Les processus chimiques n’ont de sens que s’ils ne nuisent pas à l’environnement. La séparation des tissus mélangés est également compliquée. Cela dit, certaines start-up ont déjà trouvé des solutions. De surcroît, les vêtements usagés doivent actuellement être triés à la main et les différentes parties sont confrontées à des impératifs économiques.
Existe-t-il de nouveaux matériaux qui facilitent le recyclage?
De nombreux nouveaux matériaux voient effectivement le jour – il se passe en effet beaucoup de choses dans ce domaine. Une start-up a, par exemple, développé un fil 100 % coton qui pourrait remplacer l’élasthane.
On évoque également un système de taxe de recyclage pour textiles. À quoi ressemblerait-il?
Il n’en existe pas encore, mais nous menons une réflexion à ce sujet. Des questions se posent quant à la répartition de l’argent et au renchérissement des produits. Les boutiques en ligne internationales devraient en outre également être intégrées. Et, bien sûr, les taxes ne pourraient être prélevées que si les textiles sont réellement recyclés.

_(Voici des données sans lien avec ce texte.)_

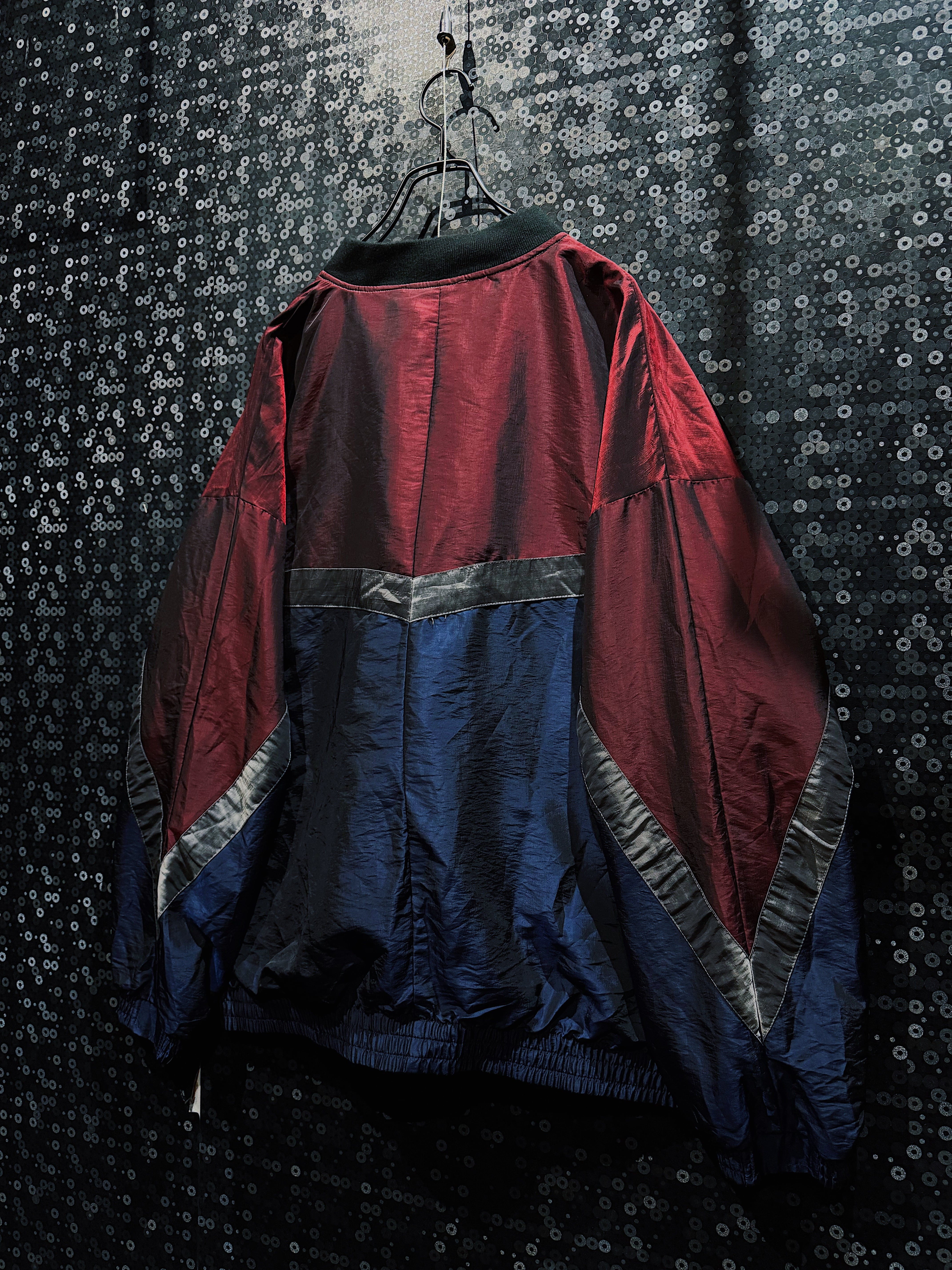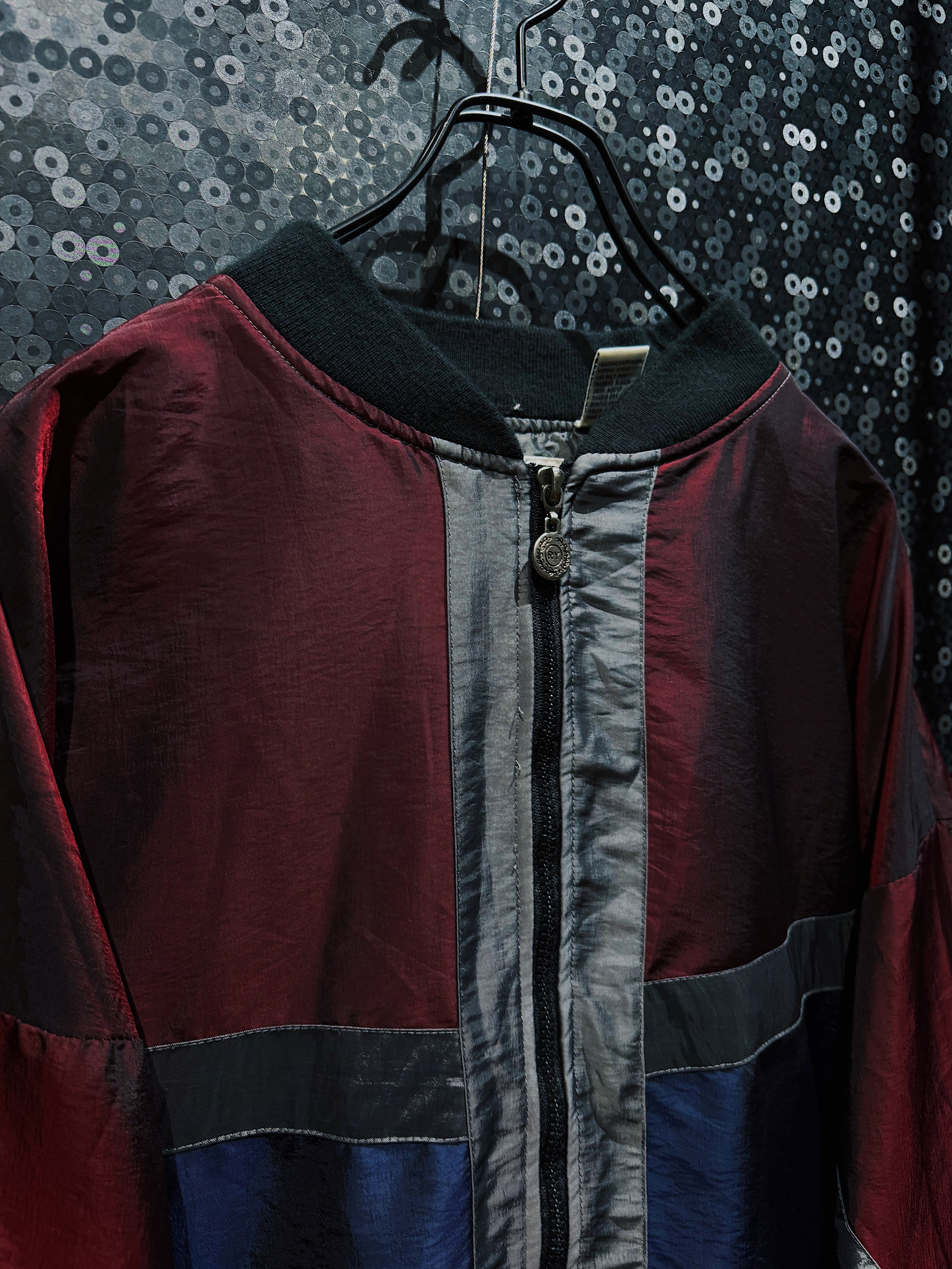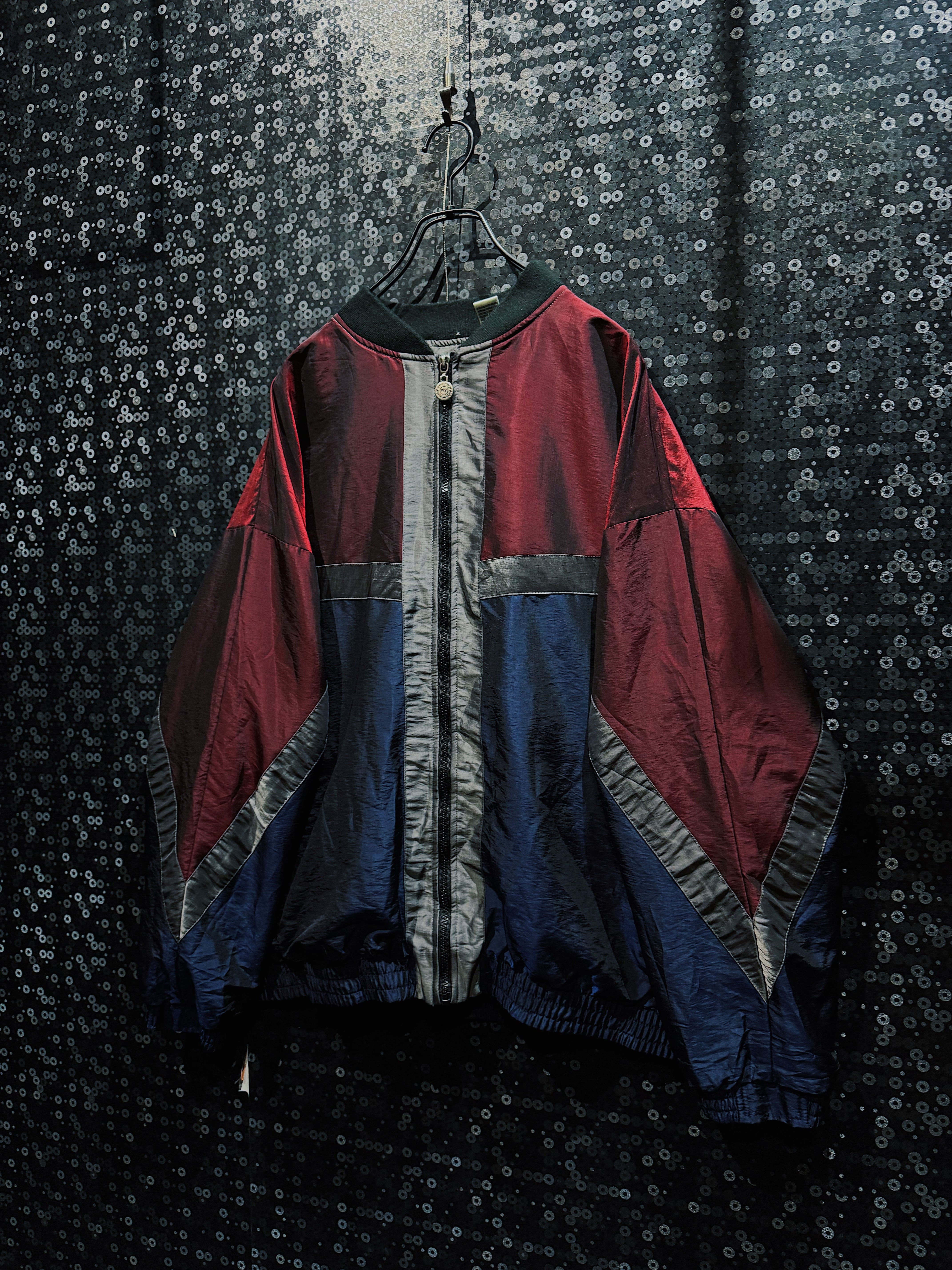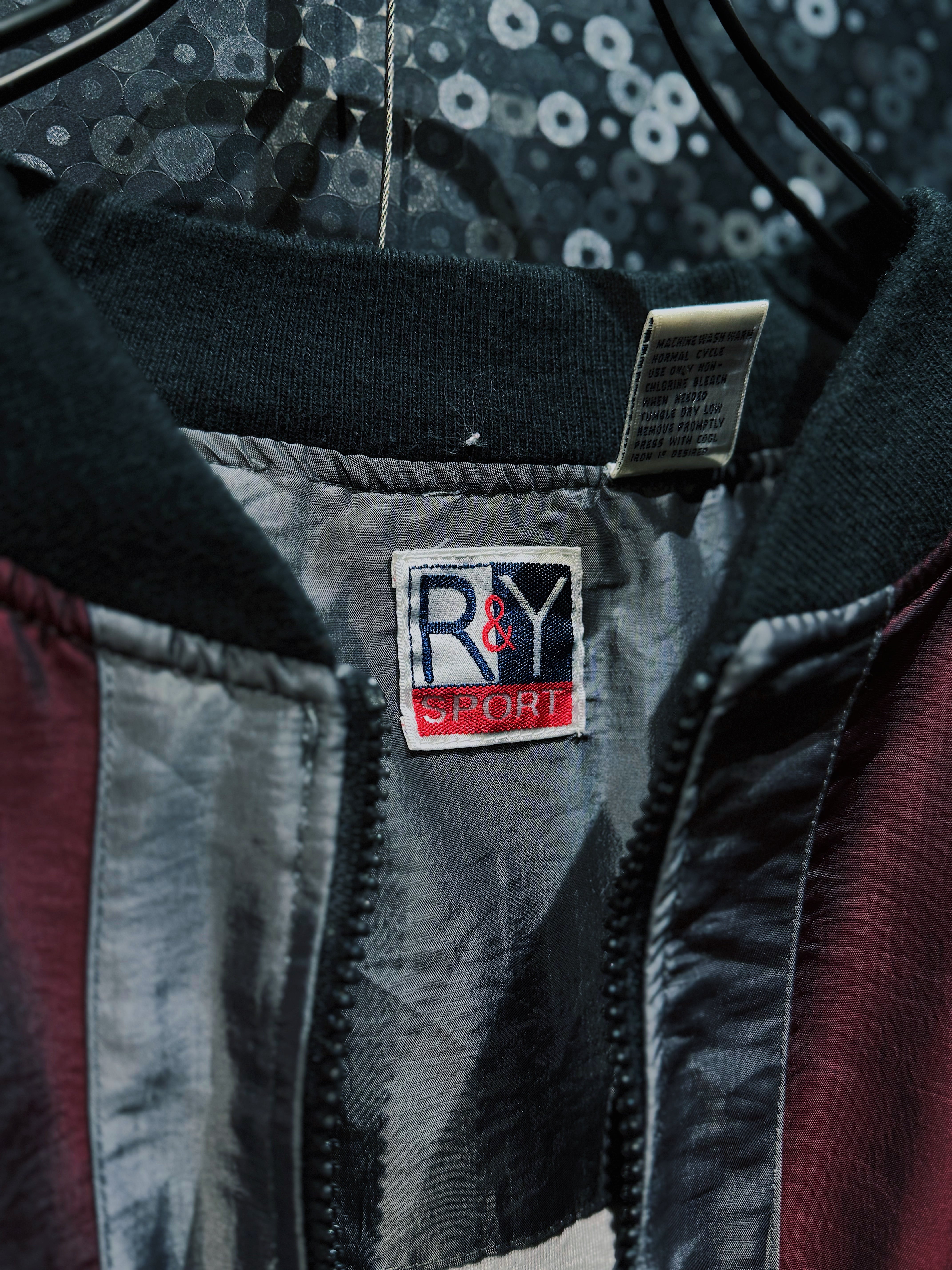 ワインレッド、ネイビー、グレーを軸に構成された90s感の強いスイッチング配色が目を引く、R&Y SPORTのヴィンテージナイロンブルゾン。
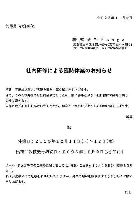 平素は格別のご愛顧を賜わり、厚く御礼申し上げます。誠に勝手ながら、弊社では下記日程を社内研修に伴う臨時休業とさせていただきます。
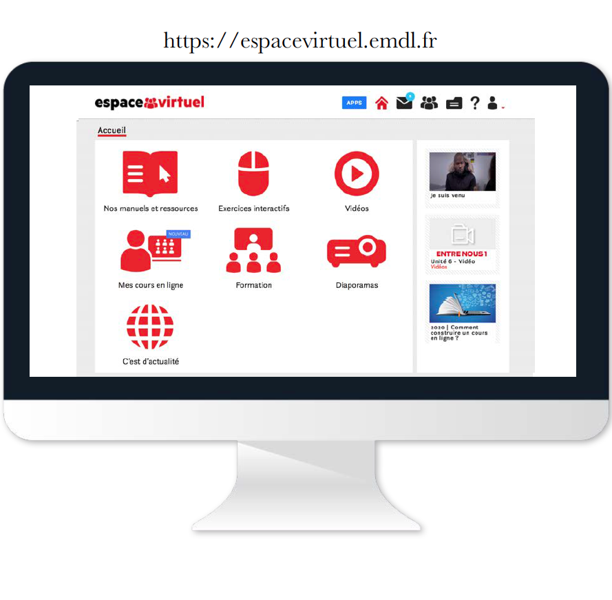 L'espace virtuel est une plateforme créée par les Editions Maison des Langues pour l'apprentissage du Français Langue Étrangère mais aussi et surtout pour les enseignants de FLE Freelance. Elle propose tous les manuels de la bibliothèque des Editions Maison des langues, des activités autocorrectives, des vidéos, des articles actuels didactisés pour les cours de conversation et des vidéos de formation pour améliorer vos pratiques de classe.
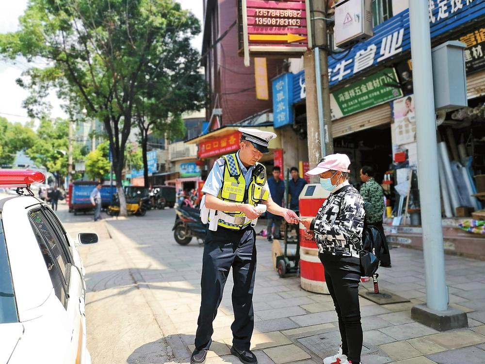 夏绍能向群众宣传交通安全知识。本报通讯员 摄
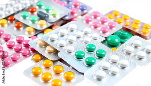 A variety of colorful pills in blister packs arranged together isolated with white highlights, png
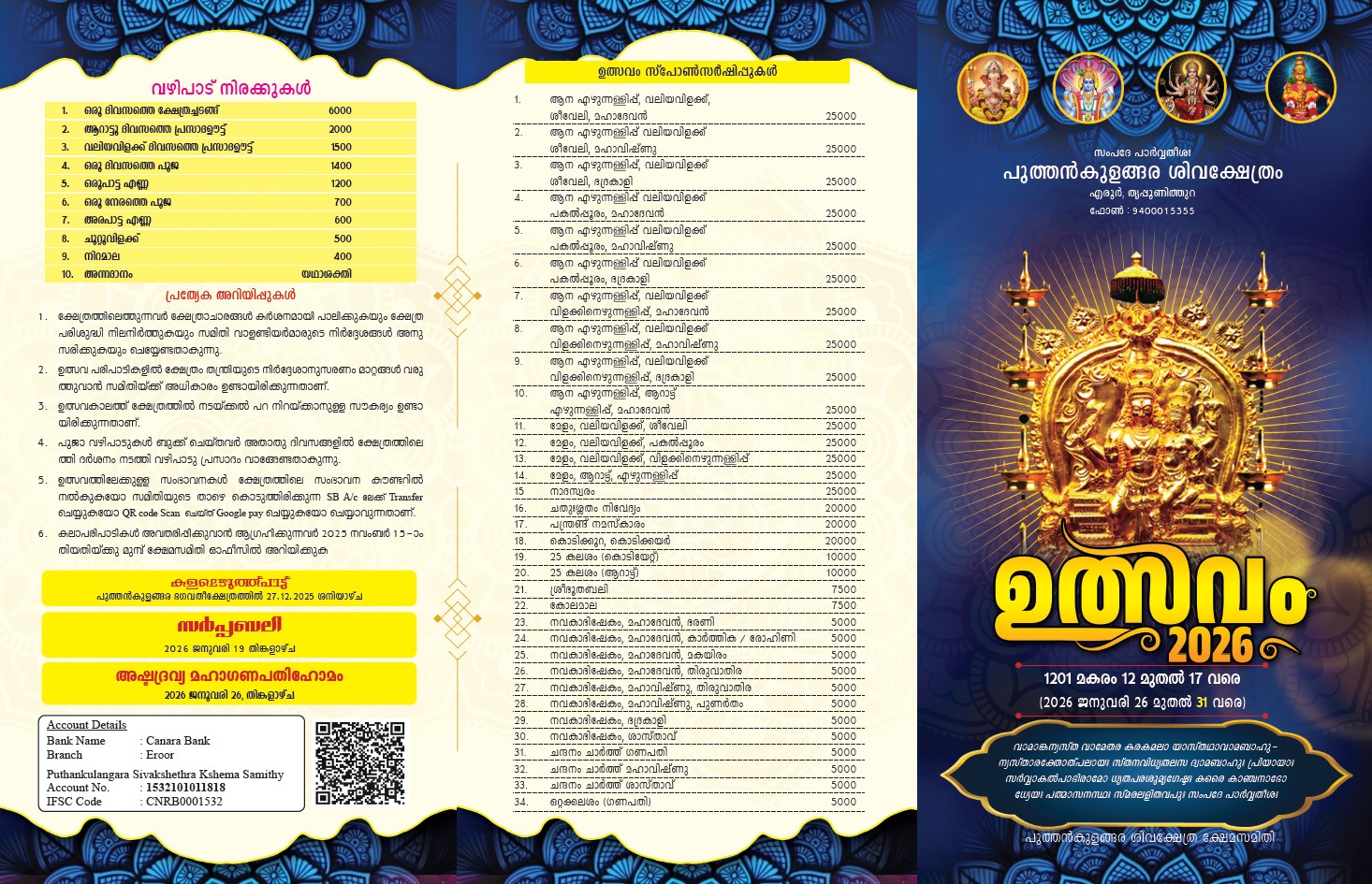 Puthankulangara temple, an ancient Siva temple with legendary background up to the Mahabharata era is situated at Eroor, between Tripunithura and Edappally near Kochi. Puthankulangara Siva temple is located at a distance of 8 kms from Ernakulam Junction Railway Station, 5 kms from Tripunithura Railway Station and 30 kms from Nedumbassery International Airport.

Que peuvent faire les consommateurs?
Ils devraient réfléchir à la quantité et à la qualité des vêtements qu’ils achètent. Les habits plus chers sont en général utilisables plus longtemps. En plus, on en achète souvent moins, car on réfléchit alors à deux fois avant de passer en caisse. Vous pouvez aussi recoudre de vieux vêtements, les réutiliser ou les donner à quelqu’un d’autre. Et, après une utilisation, pourquoi ne pas les aérer au lieu de les laver et de les mettre au sèche-linge. Cela permet de prolonger leur durée de vie et d’économiser de l’énergie et de l’eau.
Utiliser moins de nouvelles matières premières signifie également que les pays en voie de développement, d’où proviennent de nombreux matériaux, en vendront moins. Est-ce socialement raisonnable?
La réduction des quantités aura des répercussions. Mais, à l’inverse, les prix des matières premières doivent augmenter, sinon une baisse des ventes ne serait pas pertinente. Nous devons donc aussi tenir compte des aspects sociaux, cela fait partie d’un système circulaire.